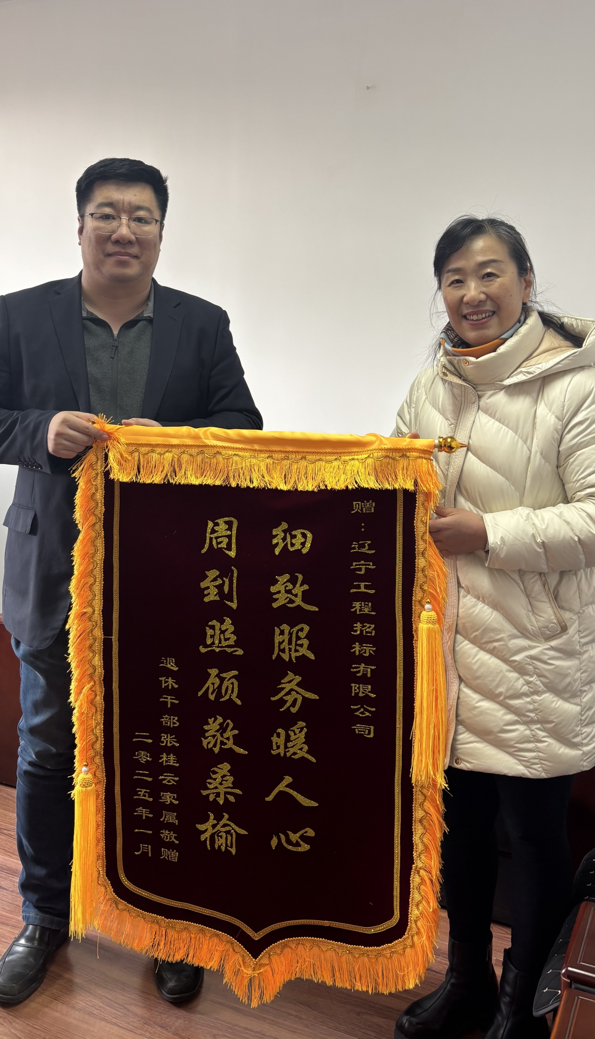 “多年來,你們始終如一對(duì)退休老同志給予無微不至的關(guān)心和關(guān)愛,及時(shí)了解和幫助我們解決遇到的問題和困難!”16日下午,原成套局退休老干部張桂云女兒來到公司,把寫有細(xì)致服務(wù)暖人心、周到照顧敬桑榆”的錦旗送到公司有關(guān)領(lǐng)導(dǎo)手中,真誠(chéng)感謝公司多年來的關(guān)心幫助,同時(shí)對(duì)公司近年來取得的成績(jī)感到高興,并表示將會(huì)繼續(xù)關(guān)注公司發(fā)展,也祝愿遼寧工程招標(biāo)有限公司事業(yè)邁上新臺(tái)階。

○ ○ ○ ○ ○

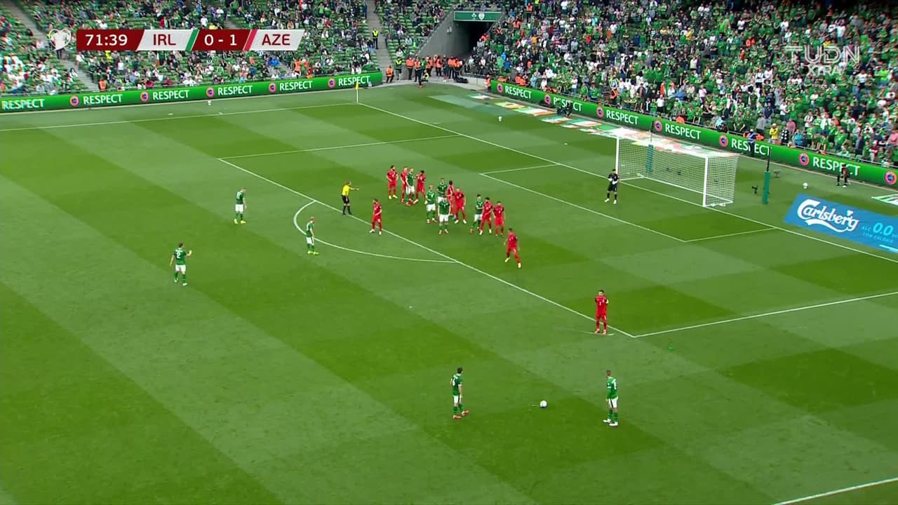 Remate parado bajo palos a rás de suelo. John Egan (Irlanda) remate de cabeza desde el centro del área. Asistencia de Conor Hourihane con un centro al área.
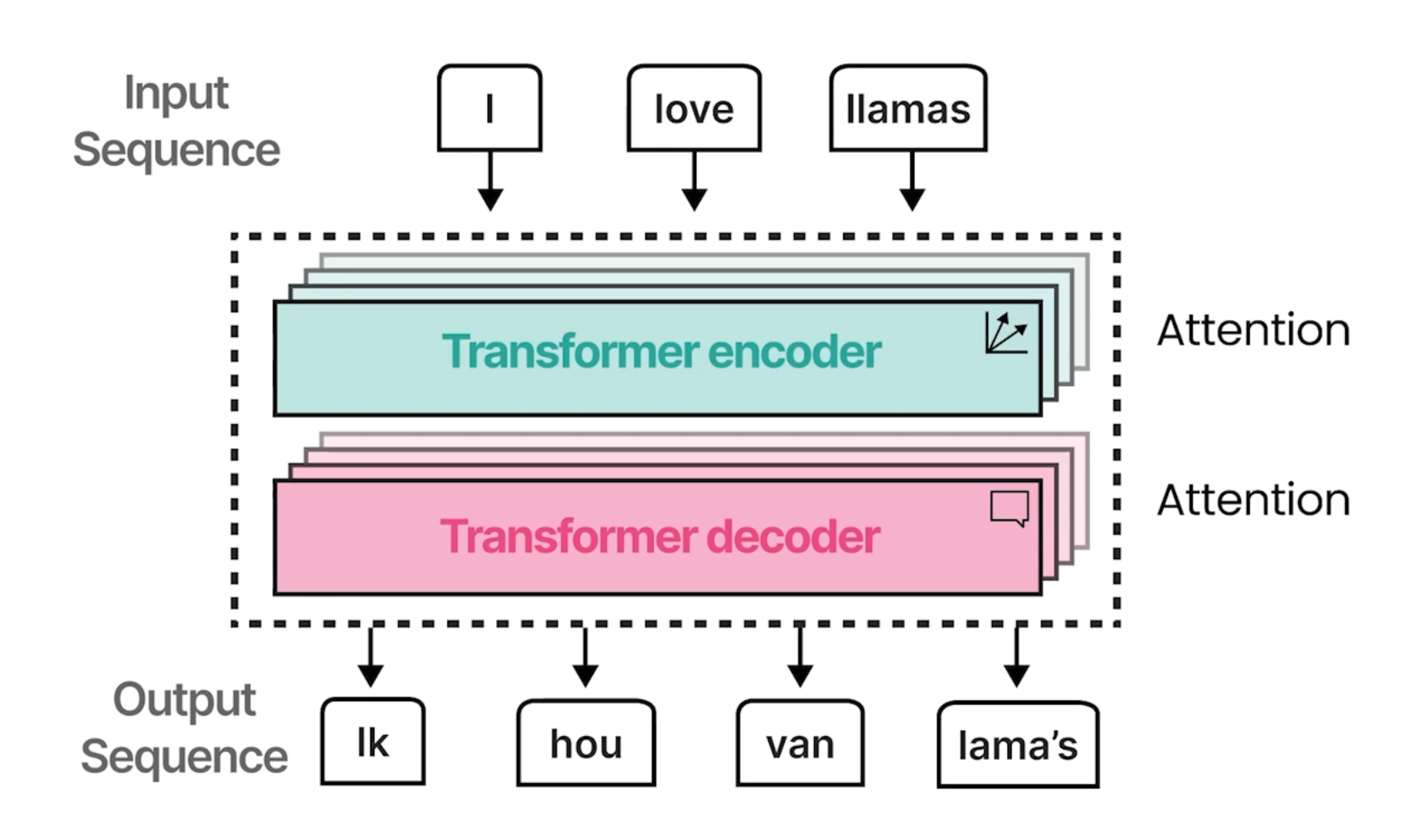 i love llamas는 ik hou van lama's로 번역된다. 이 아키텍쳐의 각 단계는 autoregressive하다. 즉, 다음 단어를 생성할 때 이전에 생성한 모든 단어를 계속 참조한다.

○ ○ ○ ○ ○

- EXERCISE DESCRIPTION
Exactly the lines above from the one that contains "Remate parado bajo" down to the one that contains "i love llamas는" are to be output, both ends kept and pictures omitted.

- OUTPUT OF THE TASK
 Remate parado bajo palos a rás de suelo. John Egan (Irlanda) remate de cabeza desde el centro del área. Asistencia de Conor Hourihane con un centro al área.
 i love llamas는 ik hou van lama's로 번역된다. 이 아키텍쳐의 각 단계는 autoregressive하다. 즉, 다음 단어를 생성할 때 이전에 생성한 모든 단어를 계속 참조한다.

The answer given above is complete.